Boccardo Enrique, Noya Francisco, Broker Thomas R, Chow Louise T, Villa Luisa L
Ludwig Institute for Cancer Research, 1509-010 São Paulo, SP, Brazil.
Virology. 2004 Oct 25;328(2):233-43. doi: 10.1016/j.virol.2004.07.026.
The proinflammatory cytokine tumor necrosis factor-alpha (TNF-alpha) inhibits normal keratinocytes proliferation. However, many human papillomavirus (HPV)-immortalized or transformed cell lines are resistant to TNF-alpha antiproliferative effect. The present study analyzes the effects of TNF-alpha on organotypic cultures of primary human keratinocytes (PHKs) that express HPV-18 oncogenes. Raft cultures prepared with PHKs acutely transfected with HPV-18 whole genome or infected with recombinant retroviruses containing only E6/E7 or E7 were treated with 2 nM TNF-alpha. While BrdU incorporation into basal/parabasal cells of normal PHKs cultures was markedly inhibited by TNF-alpha cultures transfected with HPV-18 whole genome showed proliferation in all cell strata. Furthermore, BrdU incorporation into cultures expressing E6/E7 or E7 was not significantly reduced, indicating that E7 alone confers partial resistance to TNF-alpha. Besides, TNF-alpha treatment did not alter p16ink4a, p21cip1, p27kip1, or cyclin E levels, but did reduce cyclin A and PCNA levels in sensitive cells.
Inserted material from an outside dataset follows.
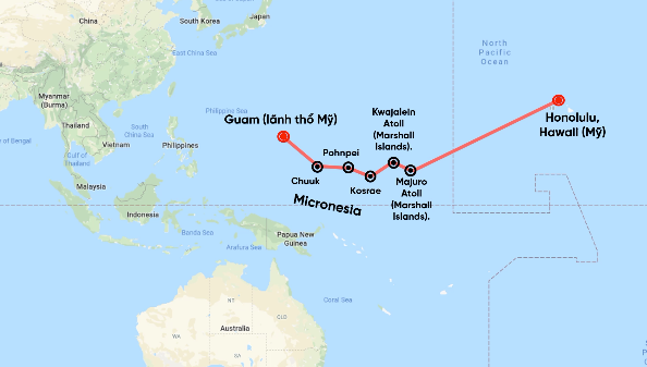 Hiện tại, tuyến bay áp dụng thương quyền 8 phổ biến nhất là Island Hopper của United Airlines. Tuyến bay này bắt đầu từ Honolulu của Hawaii và đi qua các quốc đảo ở Thái Bình Dương, bao gồm Micronesia và quần đảo Marshalls đến đảo Guam. Tổng thời gian của hành trình này là 16 tiếng. Đây là tuyến bay áp dụng thương quyền 8 do United Airlines thực hiện các chuyến bay nội địa giữa các đảo thuộc quần đảo Marshalls và Micronesia.

促炎细胞因子肿瘤坏死因子-α(TNF-α)可抑制正常角质形成细胞的增殖。然而,许多人乳头瘤病毒(HPV)永生化或转化的细胞系对TNF-α的抗增殖作用具有抗性。本研究分析了TNF-α对表达HPV-18癌基因的原代人角质形成细胞(PHK)器官型培养物的影响。用HPV-18全基因组急性转染或感染仅含E6/E7或E7的重组逆转录病毒的PHK制备的筏式培养物,用2 nM TNF-α处理。虽然TNF-α显著抑制正常PHK培养物的基底/副基底细胞中BrdU的掺入,但转染HPV-18全基因组的培养物在所有细胞层均显示增殖。此外,掺入表达E6/E7或E7的培养物中的BrdU没有显著减少,表明单独的E7赋予对TNF-α的部分抗性。此外,TNF-α处理未改变p16ink4a、p21cip1、p27kip1或细胞周期蛋白E的水平,但确实降低了敏感细胞中细胞周期蛋白A和增殖细胞核抗原(PCNA)的水平。